В телевизоре показывали соревнования по бальным танцам. Всем участникам будто присобачили большие ценники на грудь и спину. Вальсируя, один участник отвернул лицо от партнерши на расстояние как от Москвы до Клина. Партнерша же быстро перебирала тощими ножками – точно подвешенный курчонок… Потом пошли латиноамериканские танцы. Причём сначала в исполнении детей. Всё происходило в зале слишком нервно. Нервически. Партнерики-дети двигались как какие-то электрики. Маленькие электрики. Ратов кривился, не поддерживал восторга всех. Однако когда в дело вступили взрослые – распалился. Особенно от одной участницы. От стервозки. Которая бешено вертела задом. Да так, что шнурки вместо юбки – хлестались на ней. Как жуткий ломающийся дождь!.. Ратов даже засмущался от такой страстности женщины. Опускал и поднимал глаза. Как томный креол из села. Латиноамериканского, понятное дело.
На воздухе ему опять приказали чесать верблюдов. Этихдвух горбоносых секирников. Он уже пошёл было к ним, но увидел Пашкину с плетенкой под опилки, идущую на хозблок…
Пашкина чем-то смахивала на Люську Козляткину. Только жопкой была скудней… С внезапным порывом, теряя голову, Ратов ринулся за ней.
Пашкина уже склонялась к опилкам, нагребая их в плетёную корчажку. Тонкие ножонки в коротких хвостатых штанишках расставились как мачты о двух парусках. Неслышно приблизившийся Ратов водил над ними руками, точно заговаривал их, чтоб не исчезли… Гмыкнул.
– Пашкина… ты это… ты где живешь?
– А тебе это зачем? – распрямилась женщина.
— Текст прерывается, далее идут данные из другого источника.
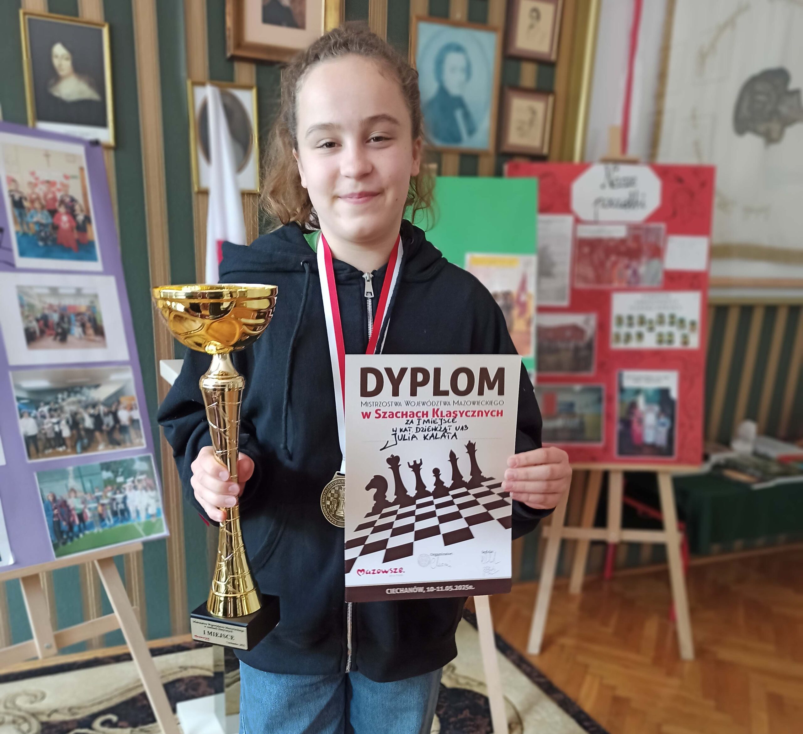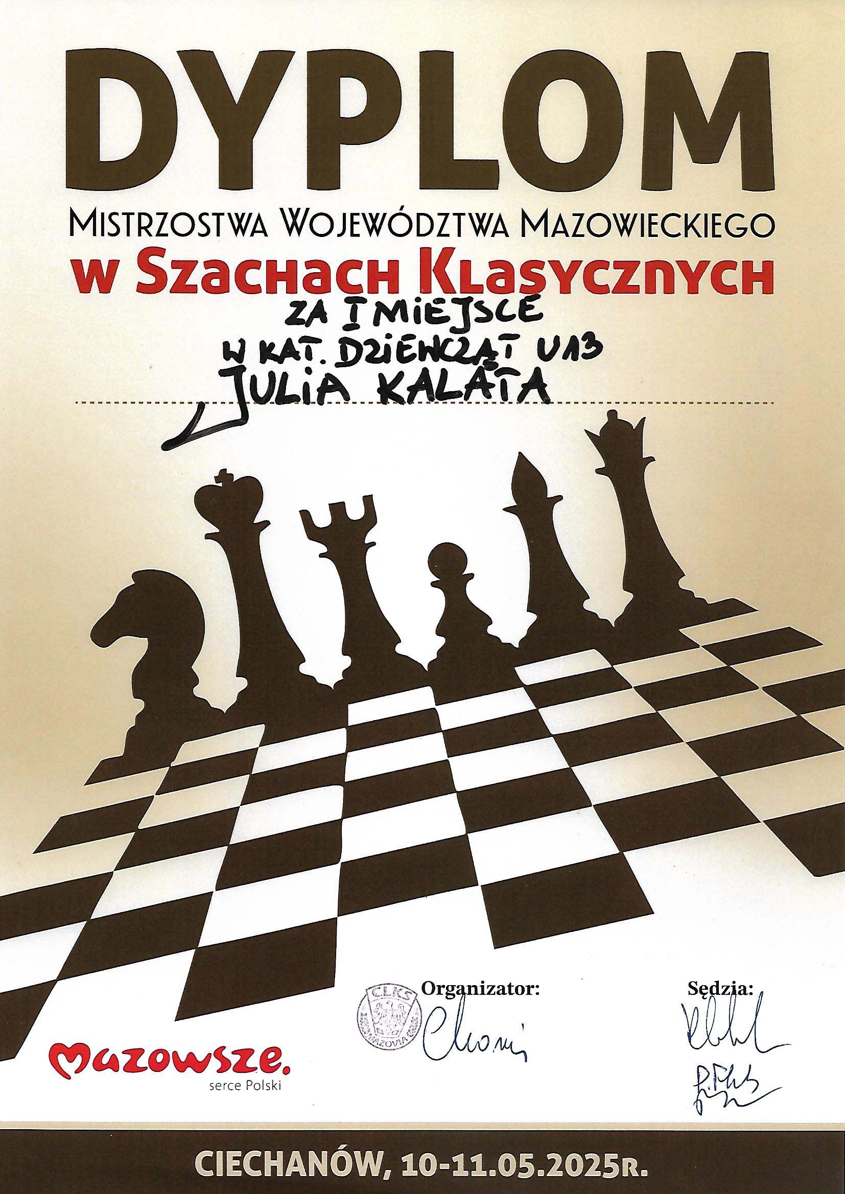 Z ogromną dumą i radością informujemy, że uczennica naszej szkoły – Julia Kalata – zdobyła I miejsce w swojej kategorii wiekowej podczas Mistrzostw Województwa Mazowieckiego w Szachach Klasycznych, uzyskując tytuł Mistrzyni Mazowsza 2025!

С прилившей к лицу кровью.
– Так это… Вечером могли бы поршень погонять… – Ортопедический ботинок Ратова подвесился. Как колокол. Выделывал пируэты…
– Чего, чего?..
Будто молнии, разрывались по безумному лицу улыбки:
– Я говорю: чикалду… это самое… могли бы замочить…
Женщина схватила лопату:
– Сейчас как звездану по башке!.. Козел невыложенный! Пошёл отсюда!..
Ратов повернулся, закондыбал прочь. Готов был бить, крушить всё на пути. Суки! Гады! За что?!
9
Ночных сторожей в зверинце работало двое. Рыбин и Лёжепёков. Дежурили друг за другом. В очередь. Почти не встречались. Однако Рыбин обзывал Лёжепёкова Говнороем. В свою очередь, Лёжепёков коллегу звал Деспотом.
Рыбин, лет семидесяти старик, с лицом большим и свислым, как какой-то жёлтый суслон с давно перебродившим суслом, физически ещё был очень крепок. И, по-видимому – полностью здоров. Рыжая шерсть на его засученных крепких руках походила на жёсткие густые вехотки. Без приглашения, мимоходом, он переставлял со всеми громадные клетки, и было видно, что не до кучи он там, а его сила – главенствует.
Но основным занятием его по утрам после дежурства была ходьба по зверинцу. Причем по задней, хозяйственной его части. Где он собирал всё и складывал. А то и швырял, расталкивал. При этом злобно матерясь. Доски, брус, подтоварник, какие-то бочки, тюки прессованного сена, мешки… Фанерной лопатой вдруг начинал подкидывать опилки. Как зерно на току… Снова катал бочки… Завхоз Никифоров пытался бороться с ним: «Тебя кто просит, старый болван? А? Кто?!» Потом махнул рукой: старикан, походило, не мог жить без своего порядка. Ладно хоть к клеткам не лез…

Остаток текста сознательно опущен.